____ INFORMATION SUPPLIED

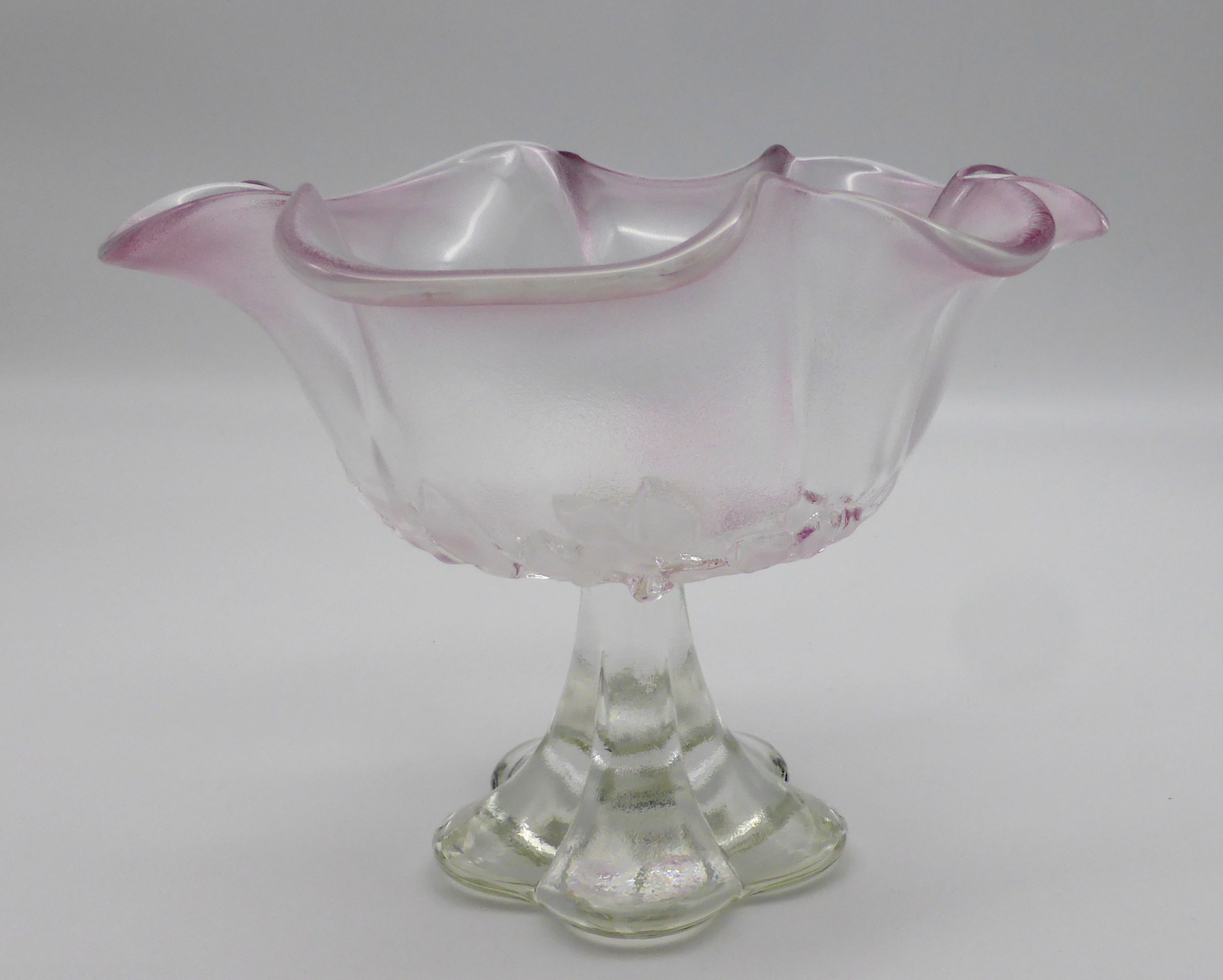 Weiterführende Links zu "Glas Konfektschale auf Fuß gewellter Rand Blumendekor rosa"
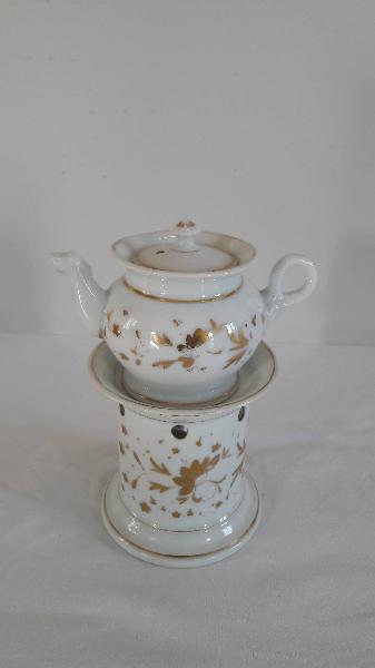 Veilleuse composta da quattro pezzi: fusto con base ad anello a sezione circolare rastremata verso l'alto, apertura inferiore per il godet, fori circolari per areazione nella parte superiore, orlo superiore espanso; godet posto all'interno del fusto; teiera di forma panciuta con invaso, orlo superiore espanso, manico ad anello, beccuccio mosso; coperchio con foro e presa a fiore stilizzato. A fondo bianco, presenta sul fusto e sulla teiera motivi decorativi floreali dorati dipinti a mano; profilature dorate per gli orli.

________
____ INFORMATION SUPPLIED

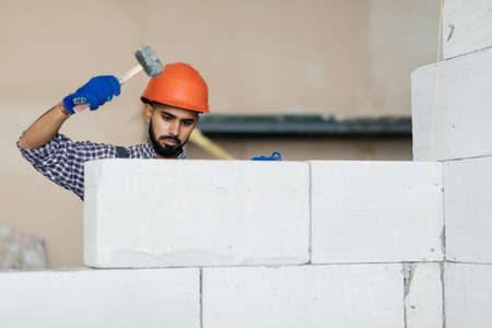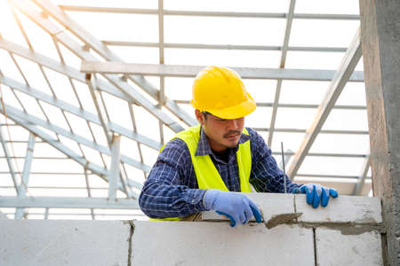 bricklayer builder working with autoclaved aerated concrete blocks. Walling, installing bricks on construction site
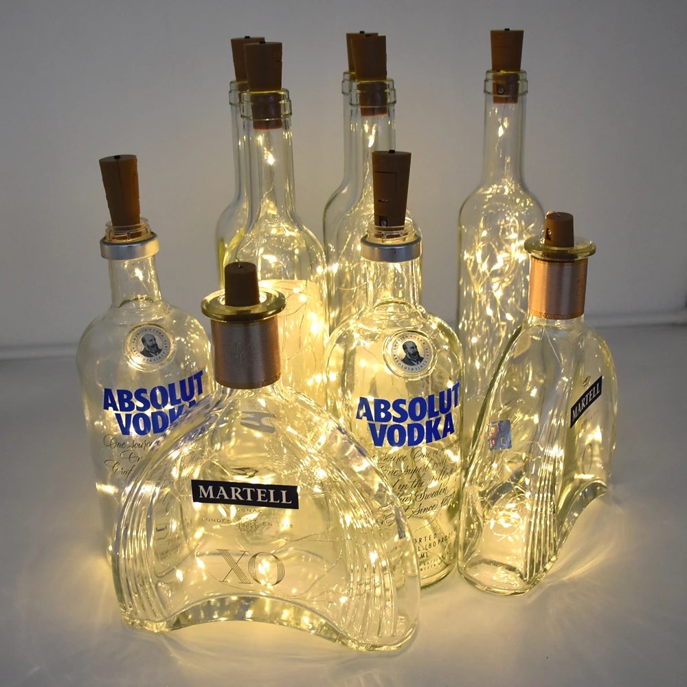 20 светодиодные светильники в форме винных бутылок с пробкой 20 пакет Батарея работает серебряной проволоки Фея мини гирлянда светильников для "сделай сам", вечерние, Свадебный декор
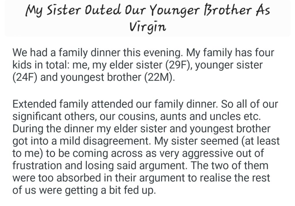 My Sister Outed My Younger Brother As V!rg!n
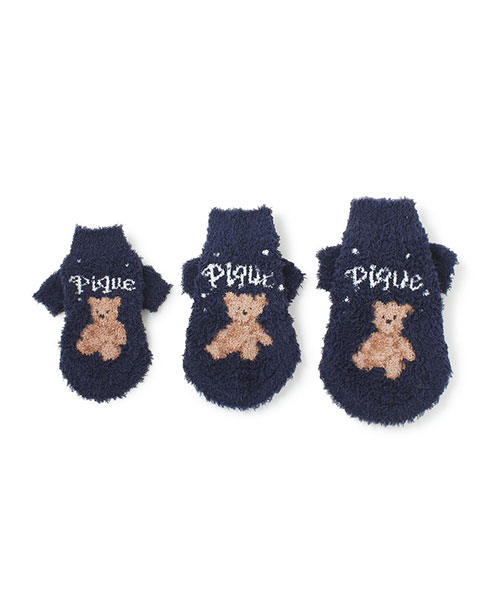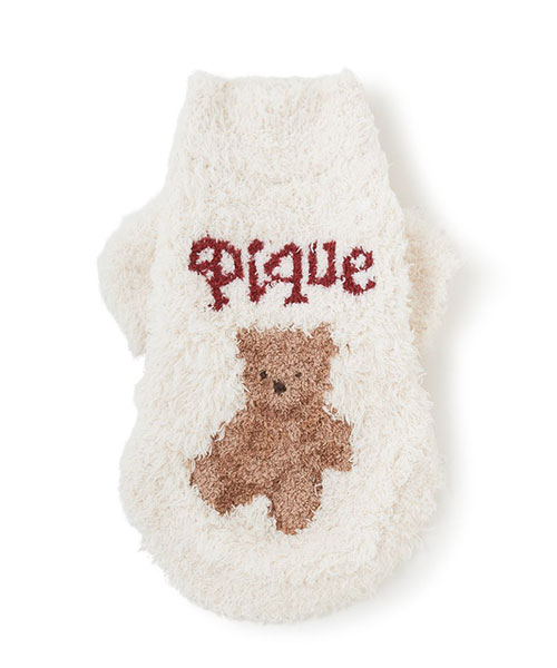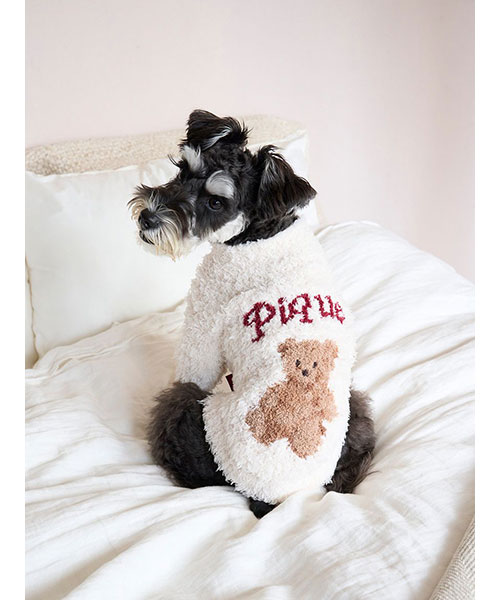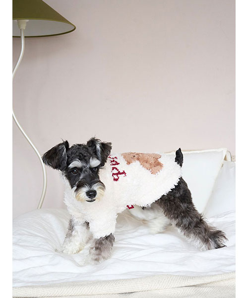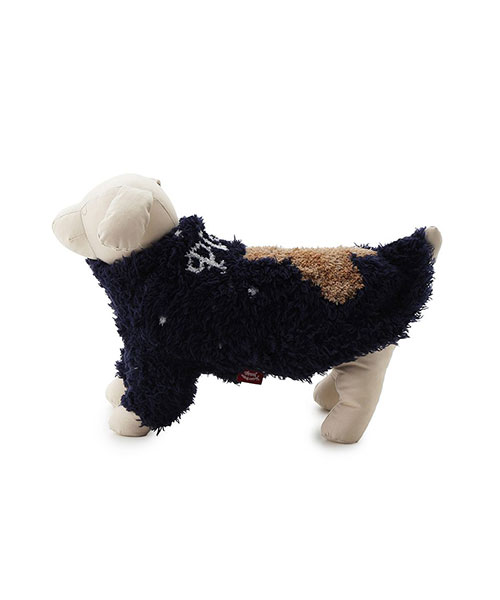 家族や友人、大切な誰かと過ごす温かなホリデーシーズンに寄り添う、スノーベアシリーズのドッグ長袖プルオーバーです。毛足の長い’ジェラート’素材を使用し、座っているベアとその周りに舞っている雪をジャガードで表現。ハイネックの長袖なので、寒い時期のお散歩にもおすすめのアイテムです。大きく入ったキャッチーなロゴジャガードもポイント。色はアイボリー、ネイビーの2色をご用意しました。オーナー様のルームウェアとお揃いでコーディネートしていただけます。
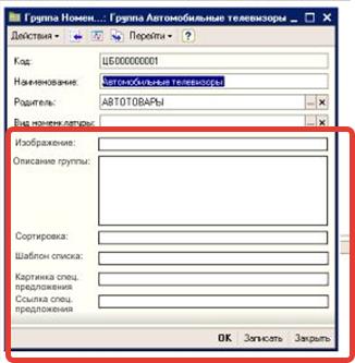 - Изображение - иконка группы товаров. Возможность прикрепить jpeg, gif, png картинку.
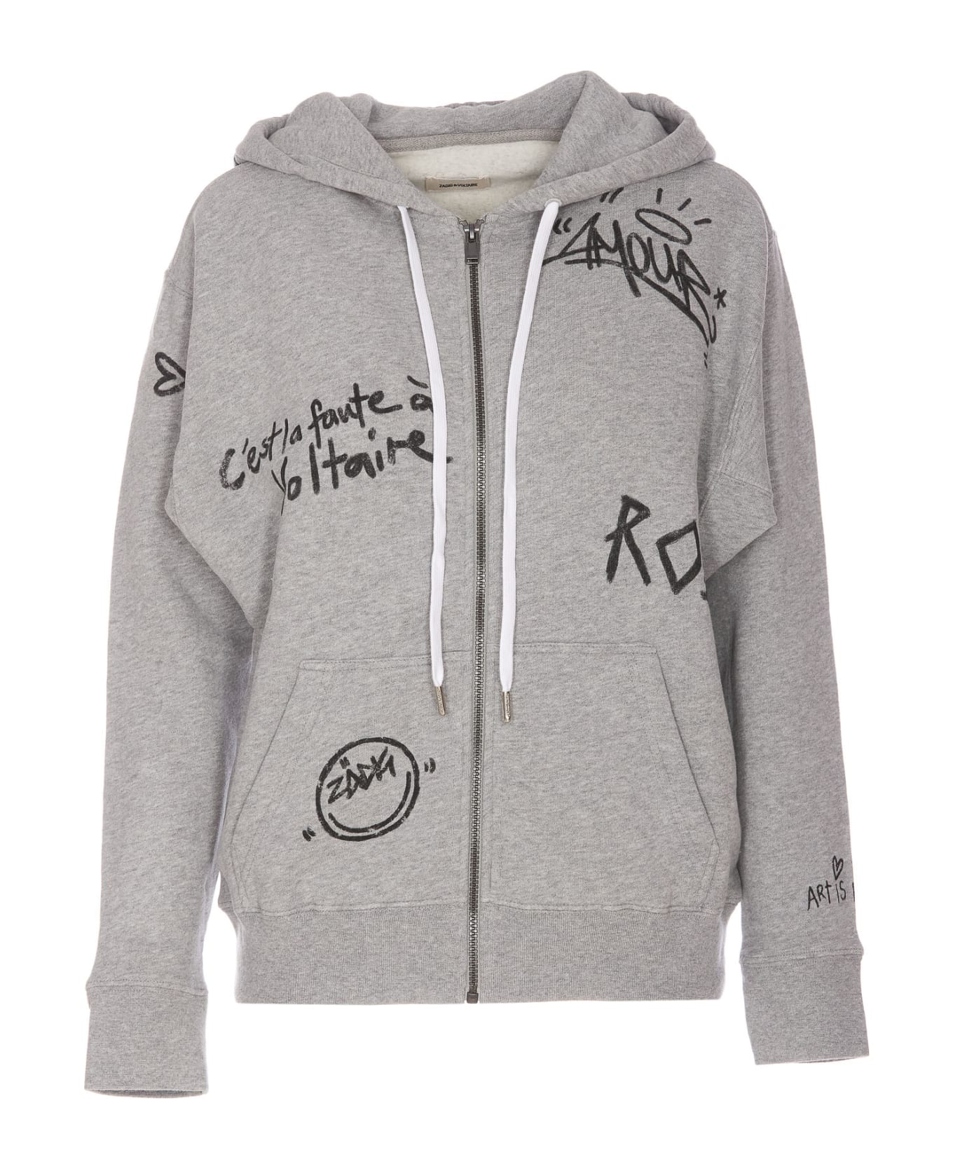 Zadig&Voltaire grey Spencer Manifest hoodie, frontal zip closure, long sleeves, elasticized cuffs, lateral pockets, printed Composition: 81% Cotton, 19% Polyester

________

#### YOUR INSTRUCTIONS:
Quote word for word only the lines above from the one containing "家族や友人、大切な誰かと過ご" through the one containing "- Изображение - иконка". Pictures stay out of your copy.

#### WRITTEN REPLY:
 家族や友人、大切な誰かと過ごす温かなホリデーシーズンに寄り添う、スノーベアシリーズのドッグ長袖プルオーバーです。毛足の長い’ジェラート’素材を使用し、座っているベアとその周りに舞っている雪をジャガードで表現。ハイネックの長袖なので、寒い時期のお散歩にもおすすめのアイテムです。大きく入ったキャッチーなロゴジャガードもポイント。色はアイボリー、ネイビーの2色をご用意しました。オーナー様のルームウェアとお揃いでコーディネートしていただけます。
 - Изображение - иконка группы товаров. Возможность прикрепить jpeg, gif, png картинку.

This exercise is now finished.